For the extra $150... you could have had the D7000, the option of all D lenses, and a cheaper camera in the long run.


----------



## yioties (May 3, 2013)

The d7000 just as a body is $900 here in canada so I actually do know better and another 100 for the 50mm 1.8D and $75 to $100 if you want the kit lens so that actually almost $1100. 
So with that extra 400 i can get a 70-300mm Vr or a 85mm 1.8g too, so again I do know better.


----------



## o hey tyler (May 3, 2013)

yioties said:


> The d7000 just as a body is $900 here in canada so I actually do know better and another 100 for the 50mm 1.8D and $75 to $100 if you want the kit lens so that actually almost $1100.
> So with that extra 400 i can get a 70-300mm Vr or a 85mm 1.8g too, so again I do know better.



You probably think in camera HDR is a huge benefit right?


----------



## yioties (May 3, 2013)

No actually I don't (never used it and probably never will). Look I'm not saying that the 7k or the 71k aren't great cameras but for a new user like myself the D5100 is a great option. I am more than happy with it!
Saying that I don't know any better like Ballistic did though is very ignorant on his part.

Giving me American prices when I live in Canada isn't very smart!


----------



## Ballistics (May 3, 2013)

yioties said:


> The d7000 just as a body is $900 here in canada so I actually do know better and another 100 for the 50mm 1.8D and $75 to $100 if you want the kit lens so that actually almost $1100.
> So with that extra 400 i can get a 70-300mm Vr or a 85mm 1.8g too, so again I do know better.



No, no you don't lol. The price I linked is the same price for Canada dude. And you're not talking about the same kit lens. D5100 kit lens is 18-55. The D7000 kit lens is 18-105. 
The prices I just showed you are identical to both Canada and US.


----------



## Ballistics (May 3, 2013)

yioties said:


> No actually I don't (never used it and probably never will). Look I'm not saying that the 7k or the 71k aren't great cameras but for a new user like myself the D5100 is a great option.

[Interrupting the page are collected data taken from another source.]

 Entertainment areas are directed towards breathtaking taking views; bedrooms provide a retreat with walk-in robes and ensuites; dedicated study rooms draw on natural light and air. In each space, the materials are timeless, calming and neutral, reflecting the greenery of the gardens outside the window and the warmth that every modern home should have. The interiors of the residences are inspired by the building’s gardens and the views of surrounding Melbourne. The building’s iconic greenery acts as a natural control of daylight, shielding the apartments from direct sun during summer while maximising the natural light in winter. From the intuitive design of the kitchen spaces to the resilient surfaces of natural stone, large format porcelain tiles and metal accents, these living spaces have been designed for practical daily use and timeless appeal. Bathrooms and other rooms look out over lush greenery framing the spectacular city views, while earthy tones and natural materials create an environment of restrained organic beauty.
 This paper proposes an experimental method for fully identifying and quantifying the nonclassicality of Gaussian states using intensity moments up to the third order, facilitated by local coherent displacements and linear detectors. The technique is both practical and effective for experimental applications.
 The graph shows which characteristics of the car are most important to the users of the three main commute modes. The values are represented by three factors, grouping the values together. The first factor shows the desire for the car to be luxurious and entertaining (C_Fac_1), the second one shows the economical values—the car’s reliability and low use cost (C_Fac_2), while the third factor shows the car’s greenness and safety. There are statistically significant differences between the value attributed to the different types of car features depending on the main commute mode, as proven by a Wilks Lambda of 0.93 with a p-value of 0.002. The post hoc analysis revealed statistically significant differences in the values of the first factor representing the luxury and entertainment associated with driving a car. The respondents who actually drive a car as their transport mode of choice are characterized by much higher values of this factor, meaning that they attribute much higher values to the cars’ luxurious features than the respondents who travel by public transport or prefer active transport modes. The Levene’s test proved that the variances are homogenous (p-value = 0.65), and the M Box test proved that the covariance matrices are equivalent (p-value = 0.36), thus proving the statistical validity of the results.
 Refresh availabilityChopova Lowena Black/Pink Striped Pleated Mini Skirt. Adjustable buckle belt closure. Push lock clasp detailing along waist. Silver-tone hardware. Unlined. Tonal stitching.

And I'm telling you that it's not. Dollar for dollar, there are much better options. Even @ $700 



> Saying that I don't know any better like Ballistic did though is very ignorant on his part.
> 
> Giving me American prices when I live in Canada isn't very smart!



What's not smart is that you don't know that Canadian prices are identical to US prices lol. Select canada for shipping options.


----------



## yioties (May 3, 2013)

You guys take this stuff way too seriously. Just because I don't agree with your logic doesn't mean that I'm wrong or don't know any better! I actually don't shop electronics from the states. I prefer to pay a little more here in Toronto.


----------



## Solarflare (May 3, 2013)

CaptainNapalm said:


> There will always be a million different answers to such a question. To someone upgrading from an iPhone camera, the d5100 may be amazing. Those with a d800 will tell you it's garbage. At the end of the day,you yourself have to educate yourself enough on these cameras to make a decision.  Make a list of what you're looking for in a camera and what your needs are and buy the camera which best matches all your needs.  Be careful with this though, if you really get into the hobby your needs may quickly change over a short period of time, so if I were you pick the camera you would want now and buy the next model up just in case. So in your case I'd get the d7000 or d7100, can't go wrong with that. I wish I did that when I started.


But the iPhone is a LOT more lightweight and a lot more stealthy than the D5100. And Ken Rockwell keeps praising the colors he gets out of his iPhone 5. He doesnt really bash the D5100 for bad colors, either, though. Thats reserved for the D800, D4, Sony RX1, and others. The D600 recently got fixed by Nikon, though, according to Rockwell. So yeah, there are even people out there who claim that in some respects, even the iPhone 5 has advantages over DSLRs.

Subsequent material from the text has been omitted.